Um encontro que, para o governo brasileiro, começou de maneira constrangedora terminou com o sucesso do acordo de livre comércio entre a União Europeia e o Mercosul. O anúncio das negociações entre os dois grupos interferiu no humor do presidente Jair Bolsonaro, que, na quinta-feira, chegou à cúpula do G20, no Japão, irritado com a imprensa e, no sábado, embarcou de volta para Brasília com um trunfo reconhecido até mesmo por autoridades internacionais.
O motivo da irritação no início da viagem de Bolsonaro tinha nome e sobrenome: Manoel Rodrigues, segundo sargento da Aeronáutica, preso com 39kg de cocaína apreendidos dentro de um avião de apoio à comitiva do presidente. O mau humor do presidente se refletiu na primeira coletiva em solo japonês, armada no lobby do hotel onde ele ficou hospedado. Três dias depois, Bolsonaro, diante do resultado do acordo entre o Mercosul e a União Europeia, era outro personagem, talvez mais próximo do piadista descompromissado com o politicamente correto.

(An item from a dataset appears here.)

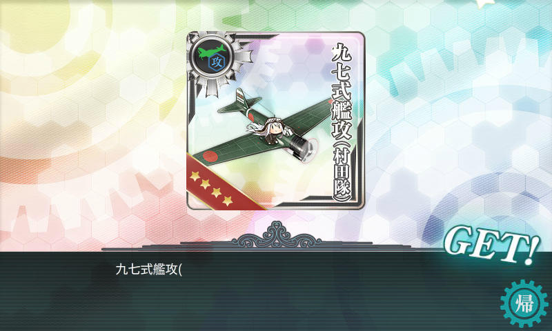 甲クリア報酬は試製甲板カタパルト・ネジ10個・勲章。

O papel de Bolsonaro foi elogiado por Cecilia Malmström, comissária europeia para o Comércio. Segundo ela, as negociações — que se arrastaram por 20 anos e foram iniciadas no Rio de Janeiro — ganharam outro ritmo depois da posse presidencial, em janeiro deste ano.
Não é que o acordo estivesse travado durante todo esse tempo, até pela complexidade dos temas e dos produtos envolvidos. Mas é inquestionável a velocidade da amarração das pontas ao longo dos últimos meses, considerando o pacote apresentado em Bruxelas e comemorado em Osaka por latino-americanos e europeus.
O presidente argentino Mauricio Macri, durante o pronunciamento conjunto dos líderes dos dois blocos e do presidente da Comissão Europeia, Jean-Claude Juncker, ressaltou o comprometimento dos atuais chefes de governo com o acordo.
“São líderes com boa vontade para as transformações”, disse ele na madrugada de sábado (horário de Brasília). Macri, ao citar o Brasil, disse que as negociações facilitam a atuação de empresas e a vinda de investimentos para a região, considerando desafios como o fluxo migratório e a pobreza. “No atual momento de tão poucas boas notícias, temos algo para apresentar.”
Se para Macri — candidato à reeleição em outubro numa disputa dura com o grupo de Cristina Kirchner — o acordo Mercosul e União Europeia é uma “boa notícia”, o mesmo pode ser dito em relação a Bolsonaro. Logo que as negociações foram fechadas, o presidente brasileiro correu para Twitter e marcou posição:
“Prometi que faria comércio com todo o mundo, sem viés ideológico. Não foi retórica vazia de campanha, típica da velha política. É pra valer! Estou cumprindo mais essa promessa, que renderá frutos num futuro próximo. Vamos abrir nossa economia e mudar o Brasil pra melhor.”
Com a economia travada e a alta resistência das taxas de desemprego, o governo Bolsonaro tem, de certa maneira, vivido das expectativas do mercado com a virtual aprovação da reforma da Previdência. Os resultados positivos na bolsa de valores são a parte evidente das apostas quase certas na vitória do texto com a mudança nas regras de aposentadoria, mesmo que a economia de R$ 1 trilhão esteja longe de se confirmar. (…)
Para além do acordo Mercosul e União Europeia, a participação de Bolsonaro no G20 teve um momento importante representado pelo encontro com o presidente dos Estados Unidos, Donald Trump. O brasileiro fez mais uma vez uma ponte direta com o republicano, rasgando elogios ao norte-americano e acabou recebendo afagos.
Bolsonaro foi o porta-voz de uma possível visita de Trump à Argentina no próximo mês, o que pode representar uma reunião com os chefes latinos de centro-direita. “Graças a Deus a América Latina está deixando de ser de esquerda para ser de centro-direita e até mesmo de direita.”
O presidente saiu bem maior do que entrou na cúpula de Osaka, a ponto de falar com tranquilidade sobre o episódio da apreensão de drogas no avião da Força Aérea Brasileira (FAB) na Espanha, algo que havia se recusado a comentar na terça-feira, ao desembarcar.
“Aquele elemento ali traiu a confiança dos demais. Traiu a confiança, sim. Olha, pena que não foi na Indonésia. Eu queria que tivesse sido na Indonésia, tá ok? Ele ia ter o destino que o Archer teve no passado.” Em 2015, o brasileiro Marco Acher foi executado na Indonésia por tráfico de drogas. Com informações: Correio Braziliense.